Assignment —
Verbatim copy without images: return all of the data as it stands.

Dataset section —
-- -- --

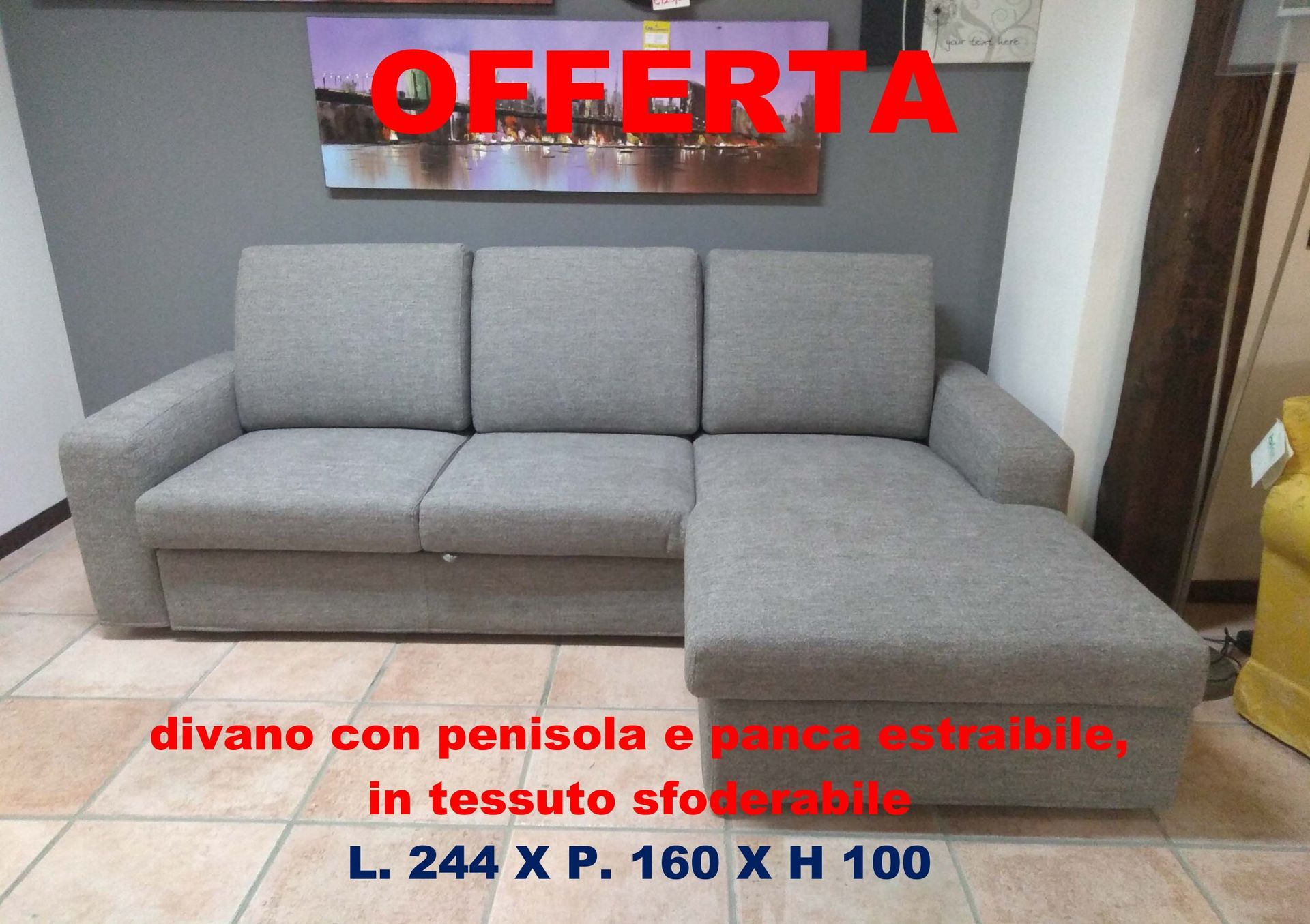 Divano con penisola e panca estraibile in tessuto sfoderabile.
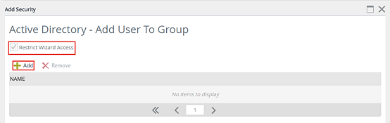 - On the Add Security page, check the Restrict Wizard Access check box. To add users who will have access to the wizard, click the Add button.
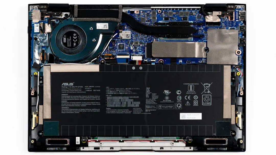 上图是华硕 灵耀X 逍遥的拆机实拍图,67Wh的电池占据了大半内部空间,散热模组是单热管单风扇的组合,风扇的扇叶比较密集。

-- -- --

Output —
 Divano con penisola e panca estraibile in tessuto sfoderabile.
 - On the Add Security page, check the Restrict Wizard Access check box. To add users who will have access to the wizard, click the Add button.
 上图是华硕 灵耀X 逍遥的拆机实拍图,67Wh的电池占据了大半内部空间,散热模组是单热管单风扇的组合,风扇的扇叶比较密集。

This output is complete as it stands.